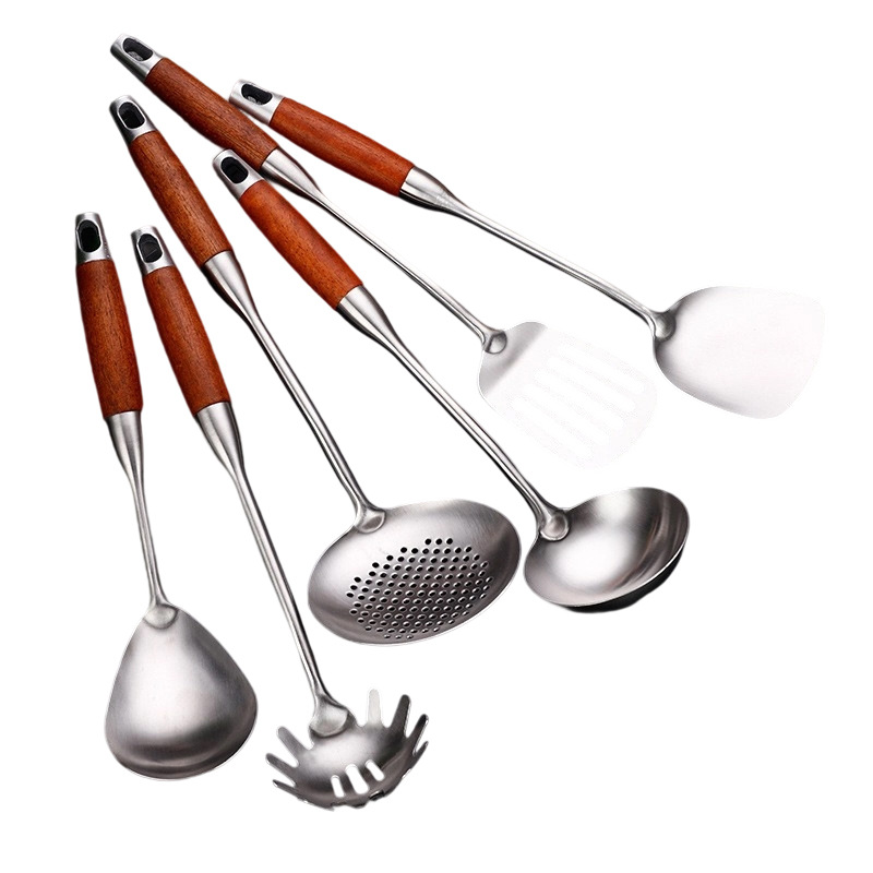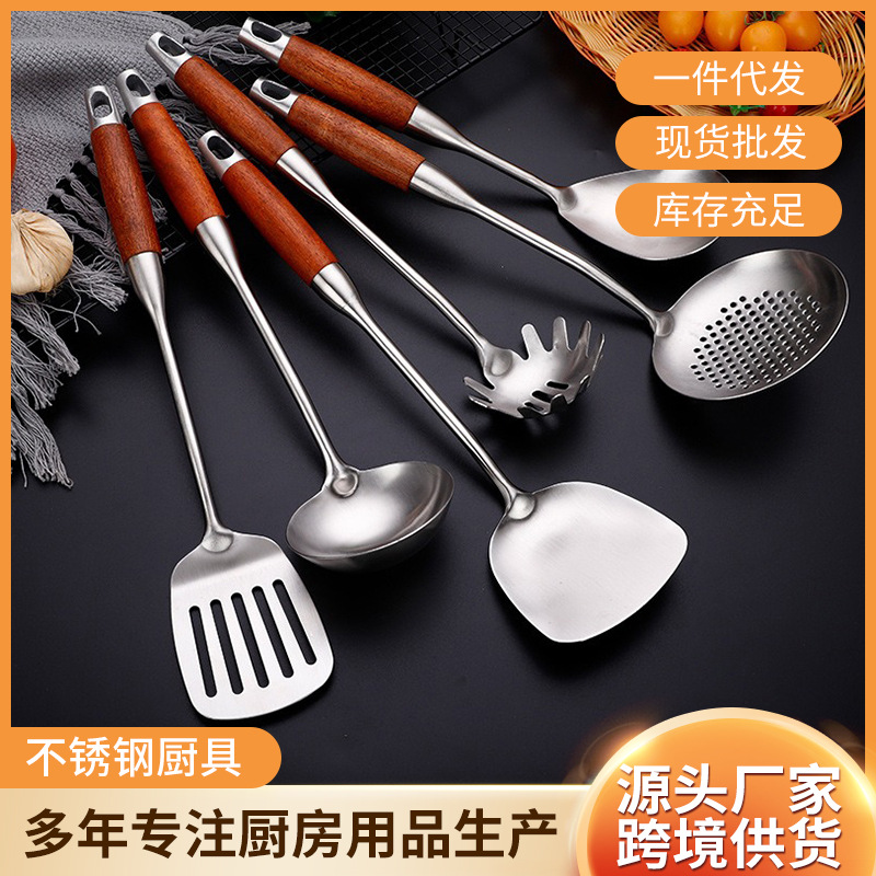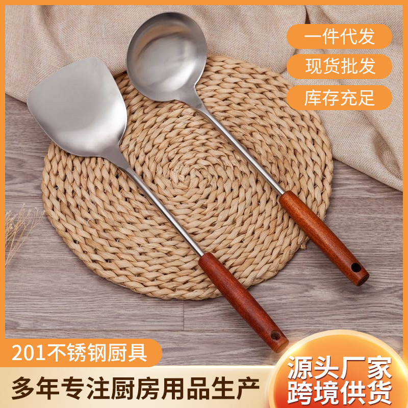 201 ステンレス鋼家庭用調理スパチュラ断熱無垢材ハンドルスパチュラスプーンキッチン用品フルセットキッチン用品のカスタマイズ
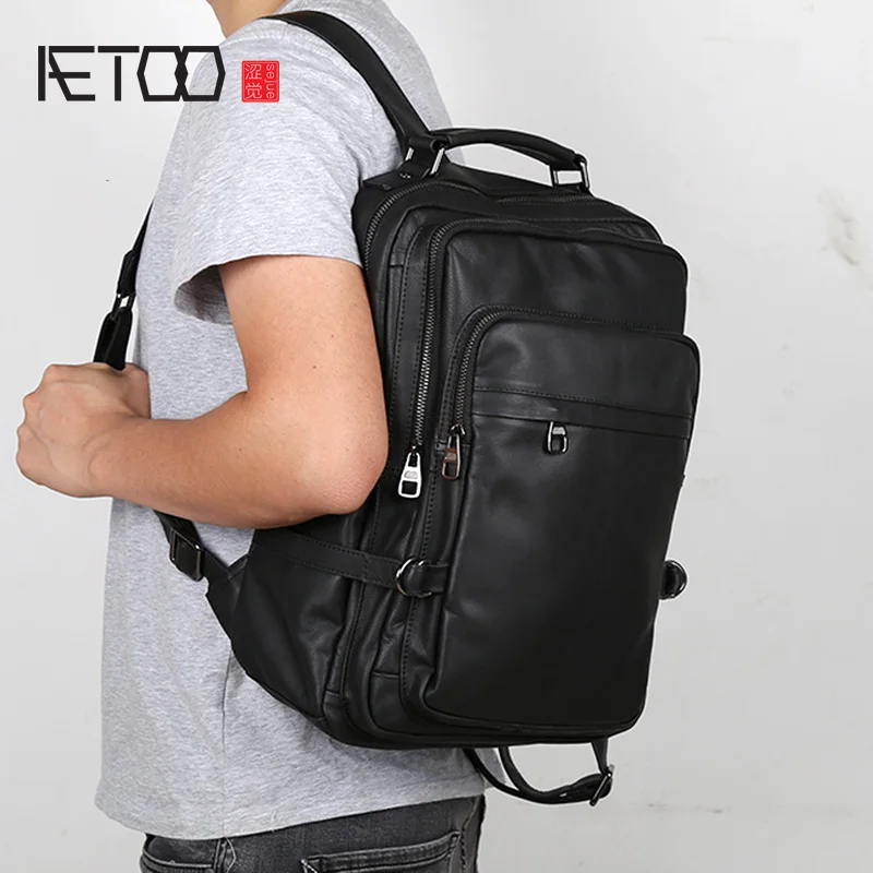 ORIGINAL AETOONew genuine leather backpack men's casual top layer leather backpack female simple schoolbag c
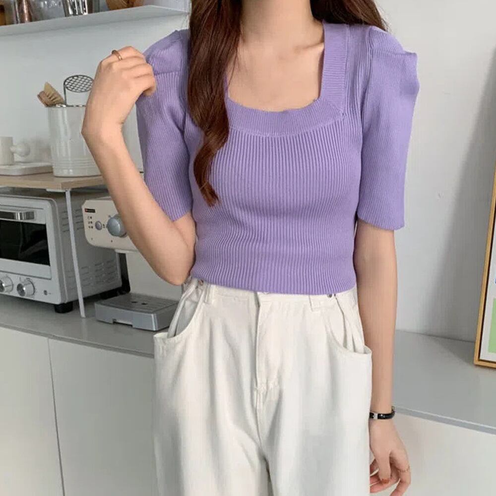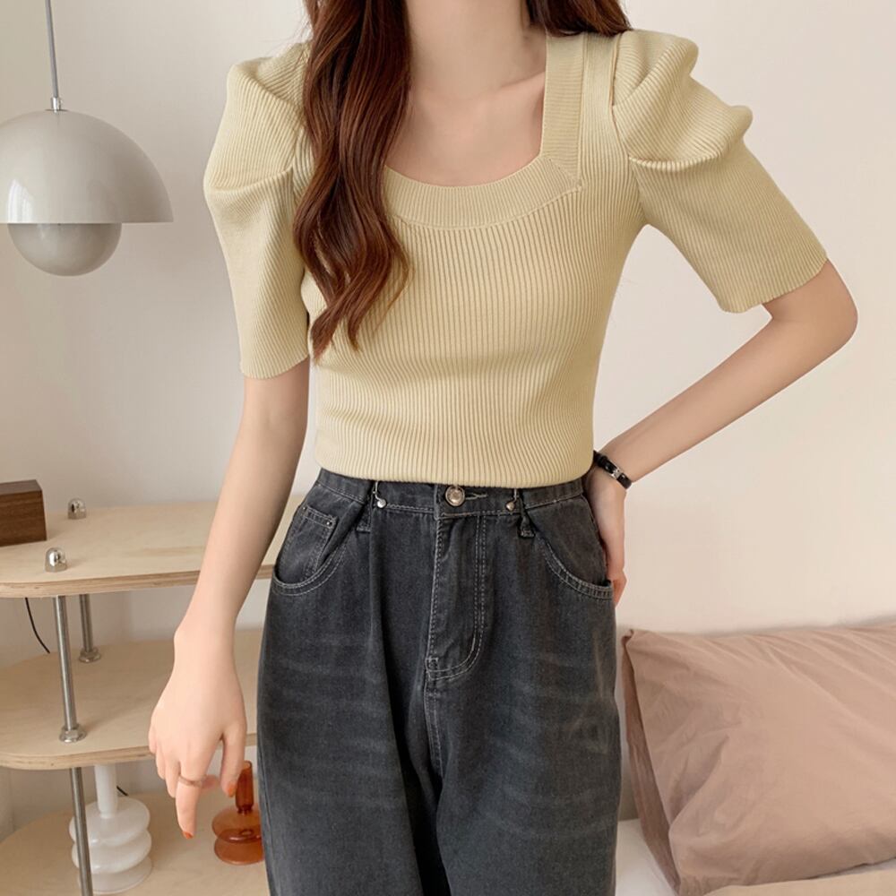 【日本倉庫即納】 スクエアネック サマーリブニットトップス
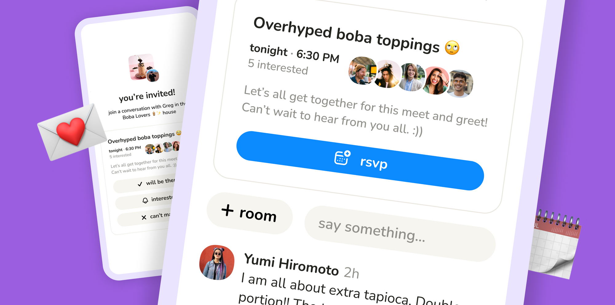 Whether it's a casual get-together or a full-on party, House founders can schedule House Events to suit the kind of shindig they have in mind. Keep it close-knit for House members only, or make it open to everyone. Also, plan for who’s showing up and send automatic reminders leading up to the event with RSVPs.
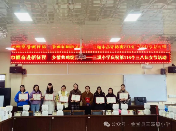 在初春美好的三月,第114个“三八”国际妇女节到来之时,为引领校内广大女教职工振奋精神,推进我校教育教学质量发展,3月8日,金堂县三溪镇小学开展了“巾帼奋进新征程 乡情共鸣绽芳华”“三八”节主题庆祝活动。此次庆祝活动分为两部分进行。
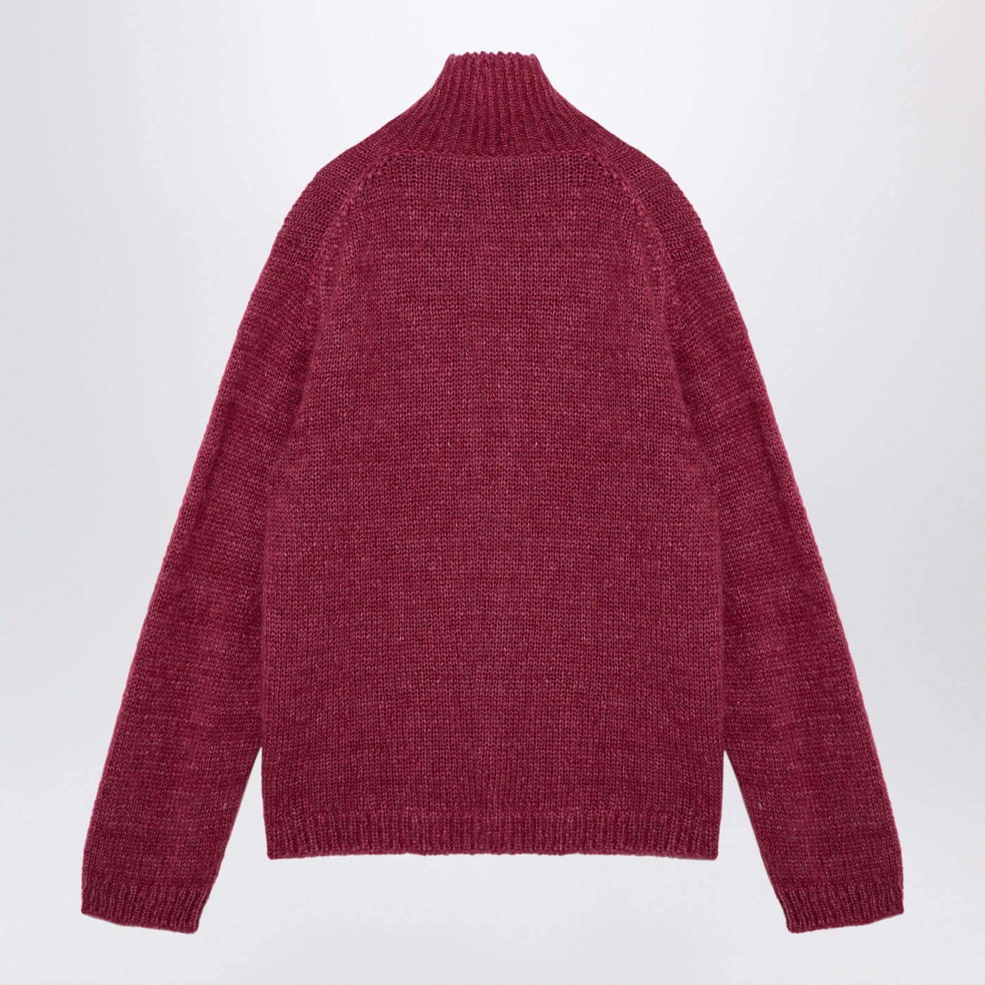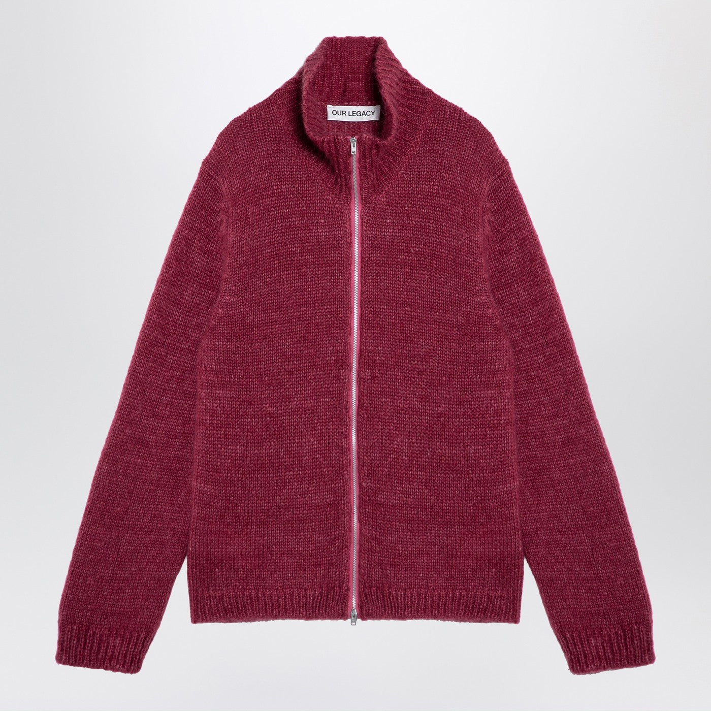 Cardigan by Our Legacy in ruby-coloured mohair and silk, featuring a double-zip front fastening, long sleeves and ribbed hems.

========

Copy all of the entries verbatim, leaving out any pictures they contain.

 201 ステンレス鋼家庭用調理スパチュラ断熱無垢材ハンドルスパチュラスプーンキッチン用品フルセットキッチン用品のカスタマイズ
 ORIGINAL AETOONew genuine leather backpack men's casual top layer leather backpack female simple schoolbag c
 【日本倉庫即納】 スクエアネック サマーリブニットトップス
 Whether it's a casual get-together or a full-on party, House founders can schedule House Events to suit the kind of shindig they have in mind. Keep it close-knit for House members only, or make it open to everyone. Also, plan for who’s showing up and send automatic reminders leading up to the event with RSVPs.
 在初春美好的三月,第114个“三八”国际妇女节到来之时,为引领校内广大女教职工振奋精神,推进我校教育教学质量发展,3月8日,金堂县三溪镇小学开展了“巾帼奋进新征程 乡情共鸣绽芳华”“三八”节主题庆祝活动。此次庆祝活动分为两部分进行。
 Cardigan by Our Legacy in ruby-coloured mohair and silk, featuring a double-zip front fastening, long sleeves and ribbed hems.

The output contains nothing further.